MSF continues to fight cholera in Chad's capital city

New infections are at a rate now of 70 people per day. New MSF cholera facilites are already full.
ALT Djerassem Mbaiorem/MSF

Brussels/N'Djamena - The cholera epidemic that started mid June in Chad is still raging, with more than 2,000 people infected, and with over 100 deaths. The new cholera treatment center (CTC) built by Médecins Sans Frontières (MSF) in the capital city, N'Djamena, opened one week ago (August 24) and is already full.

Built in four days, the MSF CTC filled its capacity of 80 patients soon after its opening.

"Treatment is relatively easy if patients are found early enough," explained Stéphane Heymans, MSF Head of Mission for Chad, recently back from N'Djamena. "Patients usually stay two or three days in the Center. We currently have a turnover of some 35 people each day."

The principal objective of building the Center was to take the pressure off the existing facilities, such as the 'Hôpital Liberté' run by the MoH. This hospital has a capacity of 100 patients. At a rate of 70 new cases a day, the situation is extremely worrying in N'Djamena, which numbers around one million inhabitants living in precarious sanitary conditions.

MSF activities at the CTC include consultations and hospitalization. It is staffed by local Ministry of Health (MoH) personnel and run with the help of an MSF team of three expatriates (a medical coordinator, a nurse, and a specialist in water and sanitation). MSF is also providing supplies, such as standard kits for treating cholera. 221 patients have already been treated at the Center and eight of these have died.

One of the main problems with cholera is the stigma linked to the disease.

"The local population is well aware that cholera is due to a lack of hygiene, so, people wait for the last moment to come to our center," said Heymans. "When these patients arrive, the disease is already in a well-advanced stage."

Controlling the spread of the disease is the other essential issue. In addition to treatment, it is crucial to isolate patients and disinfect their houses.

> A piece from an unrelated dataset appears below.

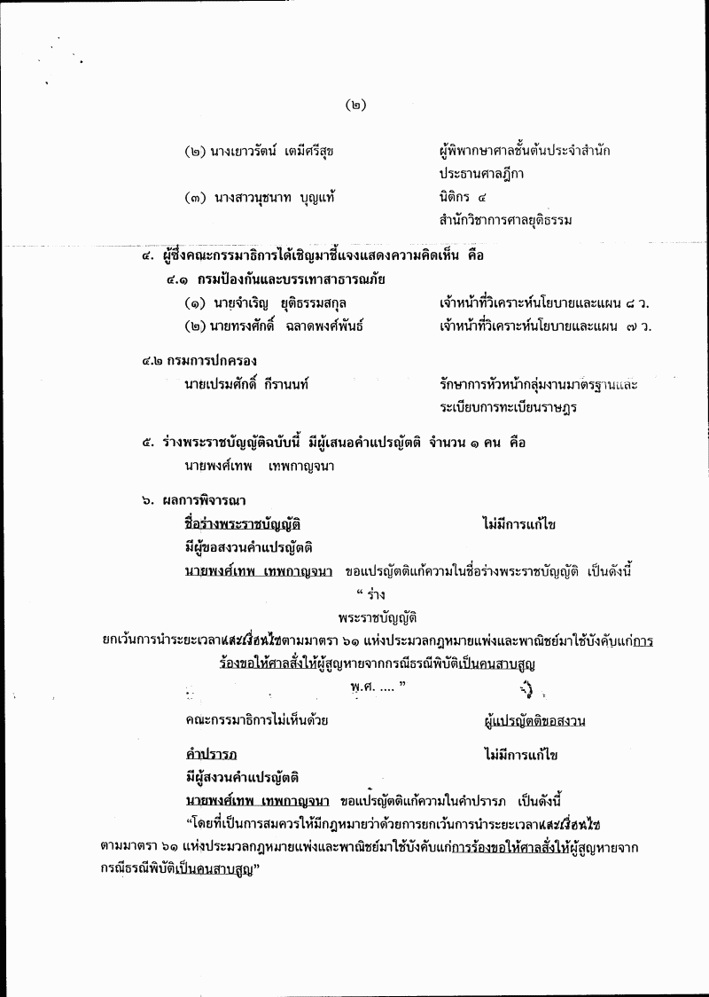 • ร่างพระราชบัญญัติยกเว้นการนำระยะเวลาเงื่อนไขตามมาตรา ๖๑

"As soon as a sick person arrives at the CTC, one of our three mobile teams is sent to his home to spray chlorinated water inside the house and on clothes," explained a local MSF nurse. "This should protect the people still living on the premises."

MSF has been working in Chad for 20 years. Part of the organisation's role in the country is supporting the MoH in fighting cholera, meningitis and measles epidemics. The last MSF intervention related to cholera was in 2001. At that time, 5,000 cases were registered.